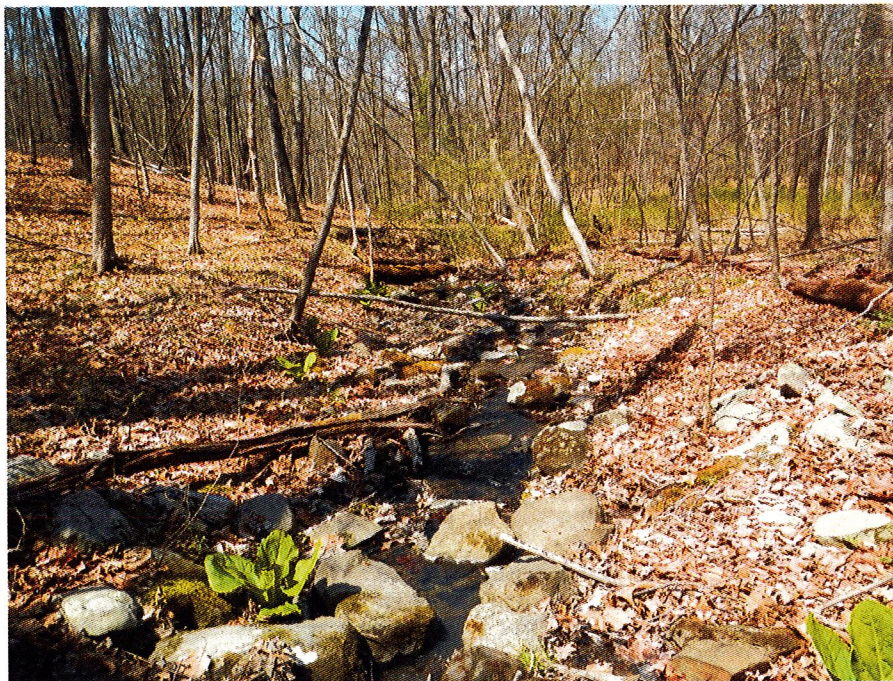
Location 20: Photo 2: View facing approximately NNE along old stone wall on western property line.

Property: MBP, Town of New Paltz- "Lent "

==

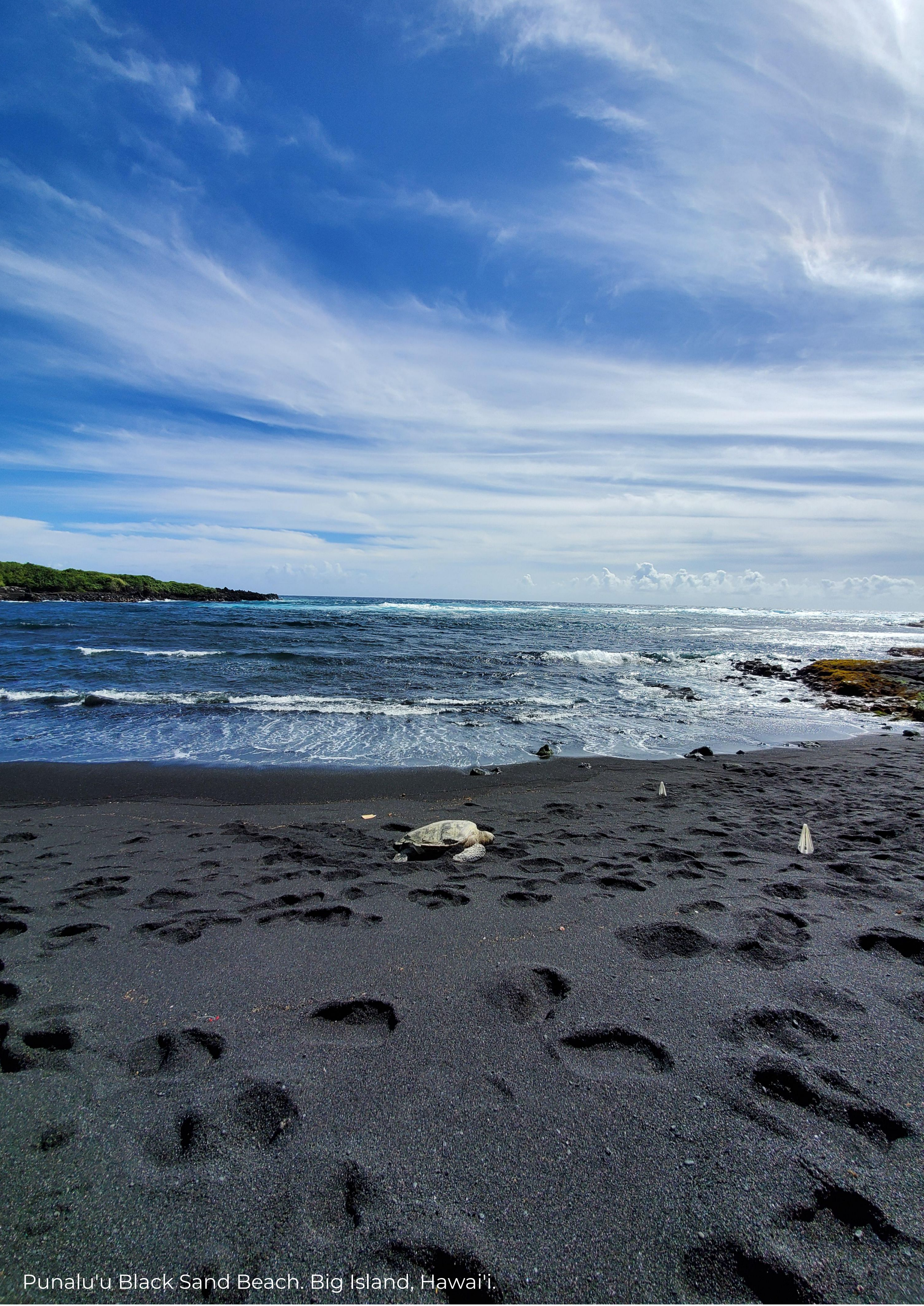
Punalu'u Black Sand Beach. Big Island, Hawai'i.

==

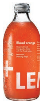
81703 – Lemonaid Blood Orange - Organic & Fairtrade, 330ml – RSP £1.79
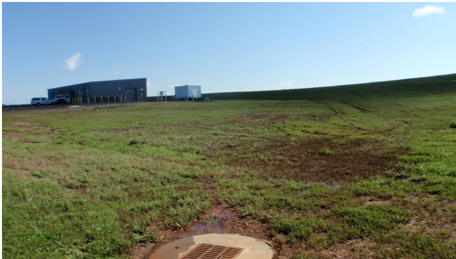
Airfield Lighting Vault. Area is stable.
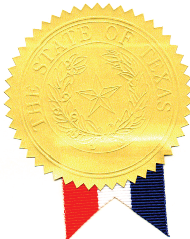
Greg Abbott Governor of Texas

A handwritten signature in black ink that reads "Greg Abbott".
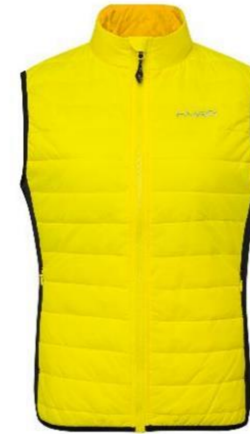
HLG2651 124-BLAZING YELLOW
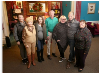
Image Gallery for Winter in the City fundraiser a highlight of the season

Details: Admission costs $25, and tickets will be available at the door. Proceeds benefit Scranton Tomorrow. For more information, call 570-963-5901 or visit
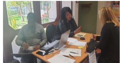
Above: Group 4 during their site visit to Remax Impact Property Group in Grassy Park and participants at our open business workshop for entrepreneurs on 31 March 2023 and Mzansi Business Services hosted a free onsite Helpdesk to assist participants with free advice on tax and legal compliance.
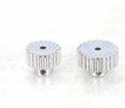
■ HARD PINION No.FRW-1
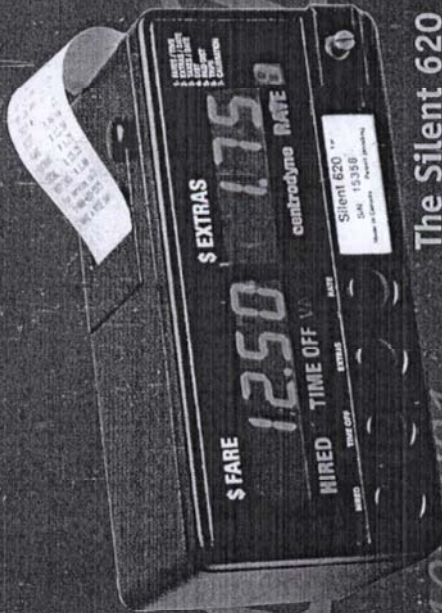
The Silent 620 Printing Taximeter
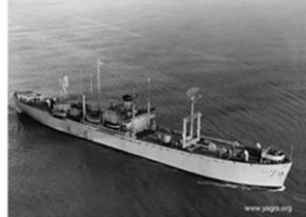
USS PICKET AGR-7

#### TASK BRIEF:
Copy out each line of the material in which the word "Abbott" turns up.

#### PROBLEM SOLUTION:
Greg Abbott Governor of Texas
A handwritten signature in black ink that reads "Greg Abbott".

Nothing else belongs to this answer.